The overlap between OSA and NT1.

2. Prevalence

The estimated prevalence of OSA in the general population is reported to range between 15 and 30 % in males and 10–15 % in females, as substantiated by various studies and secondary analyses [26,27]. The prevalence of NT1 is estimated at 0.02–0.05 % across Western countries [11,28]. According to literature data, the prevalence of OSA in individuals with NT1 has been documented within the range of 24.8 %–51.4 % (see Table 1).

Table 1.

Clinical features and multiple sleep latency test (MSLT).

Reference	N	OSA (%)	Age (Yrs)	Sex (F)	CSF Orexin (pmol/L)	Cataplexy (yes)	HLA DQB1∗ 0602	ESS	BMI (kg/m2)	MSLT
										SL (min)	REM latency (min)	SOREMPs (N)
App 1990	46	28	Na	34.5 %	Na	46.5 %	Na	Na	Na	Na
Sansa 2010	133	24.8	38.6 ± 16.4	34 %	Na	78 %	Na	17.7 ± 4.3	23.9 ±4.7	2.1± 1.8	4.8 ± 2.7	3.2 ± 1.4
Pataka 2012	102	28.5	45.7 ± 16.5	60 %	Na	74.5 %	84.3 %	18.3 ± 4	27.9 ±5.8	4.5± 3.2	3.9 ± 3.2	2.7 ± 1.1
Frauscher 2013	100	24	39 [16–78]	44 %	Na	87 %	93 %	18 [10–24]	26.2 [18.2–43]	10.7± 3.2	Na	4 (0–5)
Jennum 2013	757	Na	40.3 ± 35.8	53.6 %	Na	Na	Na	Na	Na	Na
Nevsimalova 2013	117	30.77	47.8 ± 17.2	Na	Na	79.5 %	84.7 %	18.0 ± 3.4	Na	2.7± 2.1	Na	3.4 ± 1.1
Black 2017	9312	51.4	46.1 ± 13.3	59.2 %	Na	20.3 %	Na	Na	Na	Na
Hoshino 2019	141	39.4	30.7 ± 12.7	31.9 %	Na	26 %	Na	14.8 ± 5.1	23.3 ±4.3	2.3± 1.6	4.9 ± 2.7	3.2 ± 1.1
Filardi 2020	38	13.6	11.66 ± 3.77	34.2 %	32.70 ± 43.26 pg	Na	100 %	15.53 ± 3.53	24.39 ±5.09	2.70 ±2.35	Na	4.58 ± 0.83

Data expressed as mean ± standard deviation or median [range]; N number of subjects with narcolepsy; AHI apnea-hypopnea index; BMI body mass index; CSF cerebrospinal fluid; ESS Epworth sleepiness scale; SL sleep latency; SOREMP sleep onset REM period. ∗the study only included OSA patients undergoing adenotonsillectomy for OSA.
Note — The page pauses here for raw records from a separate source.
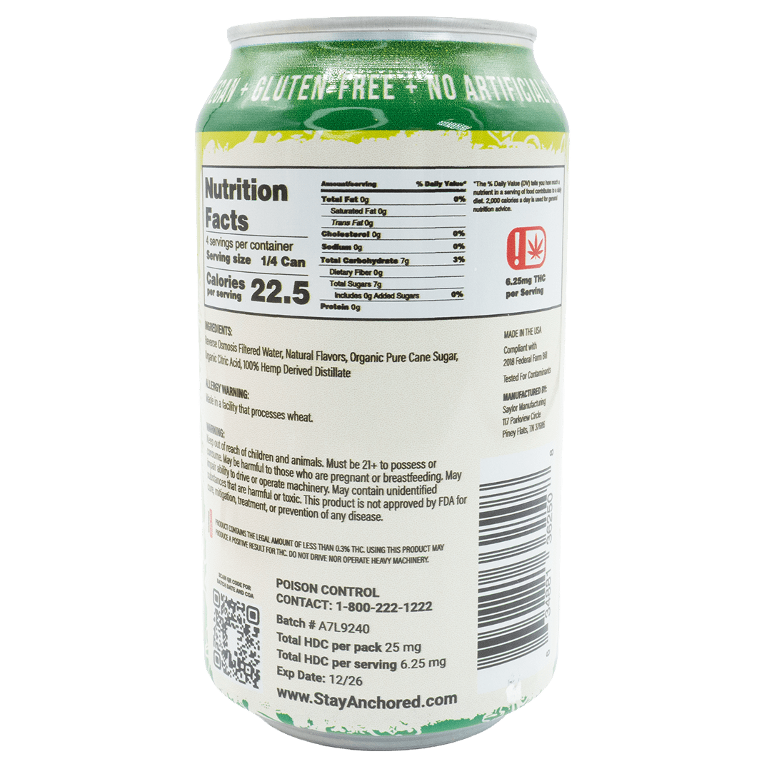 Anchored Delta 9 Soda Lemon Lime is a familiar refreshing lemon and lime flavor, infused with 25mg of Delta 9 THC. The Anchored Delta 9 Soda Lemon Lime offers a refreshing and comforting taste experience while delivering the potential relaxing and mood-enhancing effects of Delta 9 THC. Each can is crafted to provide a perfect balance of classic flavors and cannabinoid benefits.
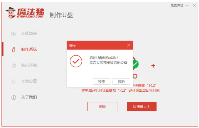 3、提示“啟動u盤制作成功”之后,快速預覽查看需要安裝的電腦主板的啟動熱鍵,再拔掉u盤退出。
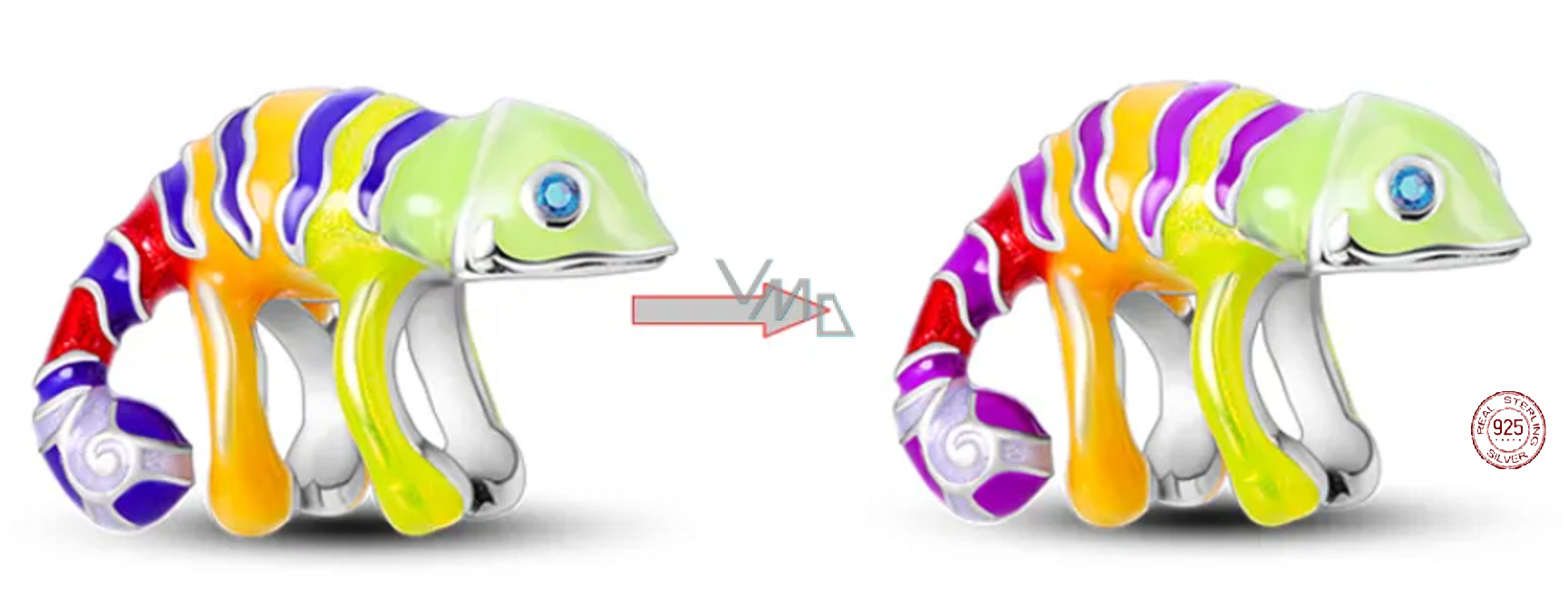 Jeho termochromatický smalt je tím, co ho dělá jedinečným. Roztomilým Chameleonem měnící se barvy, navržený s hladkým barevným smaltem. Pruhy malého Chameleona ve skutečnosti mění barvu od světle fialové po tmavě fialovou v závislosti na teplotě. Chcete-li změnit teplotu, stačí kouzlo zakrýt rukou a teplo vašeho vlastního těla by mělo změnit barvu chameleonových pruhů.
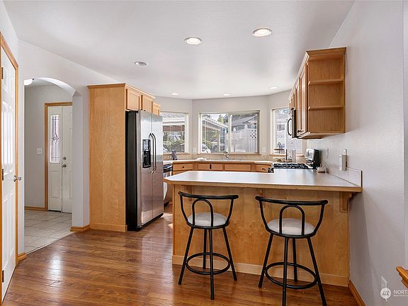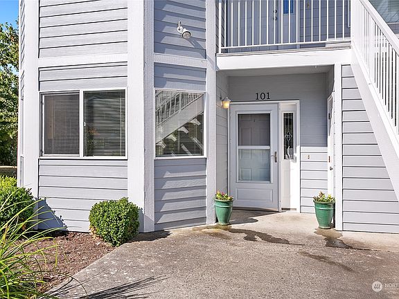 Elevate your lifestyle with this spacious, single-level luxury condo, nestled in a serene Bellingham location.Boasting 2 bedrooms, 2 full baths, home features a large living room with a gas fireplace and a kitchen with hardwood floors and stainless-steel appliances, and brand new fridge.The primary bedroom suite impresses with a walk-in closet & a master bath offering double sinks, a jetted tub, & a separate shower. Large laundry room comes with full size washer & dryer.Enjoy the outdoors on the darling patio bordered by trees, ensuring road privacy.This unit has 2 parking spots (1 under carport).HOA dues include water, sewer & garbage! Nestled conveniently close to amenities and shopping, this condo embodies both comfort & convenience.
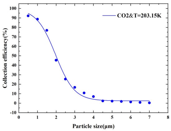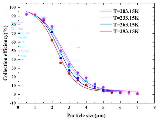 Here, is equal to and B is a constant related to the gas type. From Equation (6), we can see that temperature and fluid dynamic viscosity are positively correlated, and according to the Stokes number, dynamic viscosity is positively correlated with the cutoff diameter. We can therefore reduce the cutoff diameter by decreasing the temperature. Figure 11 shows the plots of CE curves at different temperatures. As shown in Figure 11, there was a positive correlation between the temperature and the cutoff diameter, and the steepness of the CE curve was improved when the temperature decreased. When the temperature decreased from 293.15 K to 203.15 K, the cutoff diameter decreased from 2.5 µm to 2.05 µm, which was a decrease of about 18%. At the same time, the decrease in temperature weakened the particle Brownian motion phenomenon, which reduced the probability of particle wall loss due to Brownian motion and contributed to the improvement of VI performance.
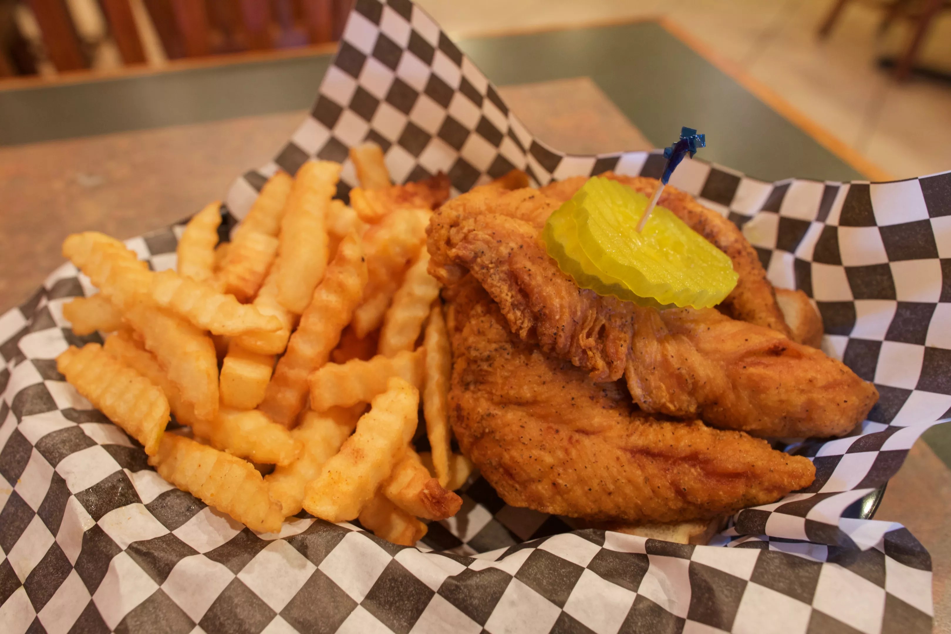 He’s not kidding about the heat. Our tenders arrived, and the cayenne heat is definitely strong at the hot level; in no time, my eyes are watering and my nose is running. But the crispy and spicy batter wraps around supremely moist, flavorful chicken breast meat. The combo nails the Nashville marks to a tee, down to the slice of white bread nestled under the chicken tenders and the dill pickle slices on top, just like they serve in Music City.
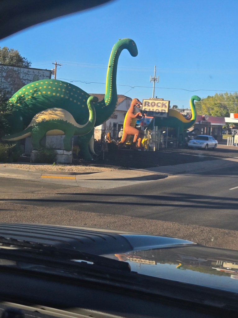 The Wigwam Hotel is very cool with the old cars sitting around! We found the world’s longest map of Route 66. Dinos of Holbrook, historic old route 66 landmark.
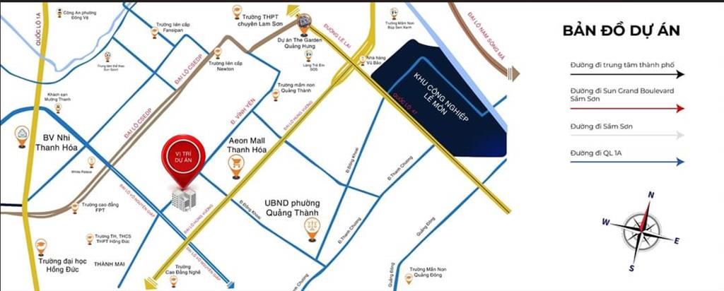 Ngoài ra, từ dự án Nhà ở xã hội Quảng Thành cư dân dễ dàng kết nối đến những tiện ích khu vực khác như: Aeon Mall, bệnh viện Tỉnh, trường học các cấp từ mầm non đến đại học, chợ, siêu thị….
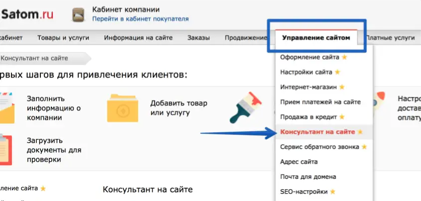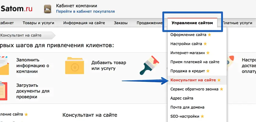 Перейдите в ваш Кабинет компании на satom.ru, zakupka.com, tomas.by или tomas.kz - Управление сайтом - Консультант на сайте:
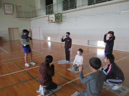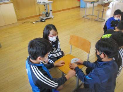 国語科の学習では、「集会でスマイル班で楽しめる遊び」について色団ごとに話し合っています。話し合いで決定した仮の案を実際にやってみました。自分たちでやってみることで、新たな課題が見つけることができたようです。
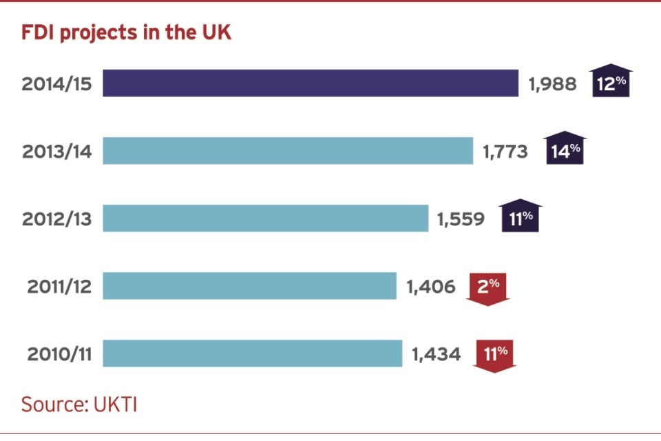 It gives me great pleasure to report that 2014/15 was another record year for inward investment into the UK. We recorded the highest number of Foreign Direct Investment projects ever, and those projects created the highest number of new jobs on record.
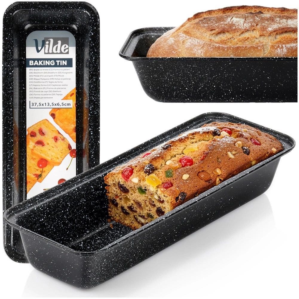 Praktyczna granitowa forma do chleba, babki lub keksa z wytrzymałą powłoką nieprzywierającą zapewnia równomierne pieczenie i łatwe wyjmowanie bez przypalania. Z wysokiej jakości stali węglowej, do piekarnika do 230 °C, idealna do codziennego pieczenia słodkich i słonych wypieków.

In a research study involving 1000 patients exhibiting EDS, 46 individuals were diagnosed with Narcolepsy NT1 and OSA. Notably, the diagnosis of narcolepsy was conclusively established after the successful resolution of OSA through CPAP therapy. Corroborating the findings, the severity of OSA exhibited a positive correlation with body mass index (BMI). However, intriguingly, the severity of EDS, as assessed through the MSLT, did not demonstrate improvement with CPAP intervention [29]. In a subsequent study, a cohort of 133 consecutive narcoleptic patients was systematically assessed between the years 1991 and 2007. Among these individuals, 33 patients were identified as having comorbid OSA with an Apnea-Hypopnea Index (AHI) ≥ 10 events per hour). Notably, this subgroup exhibited characteristics such as older age, male gender, and a higher BMI [30].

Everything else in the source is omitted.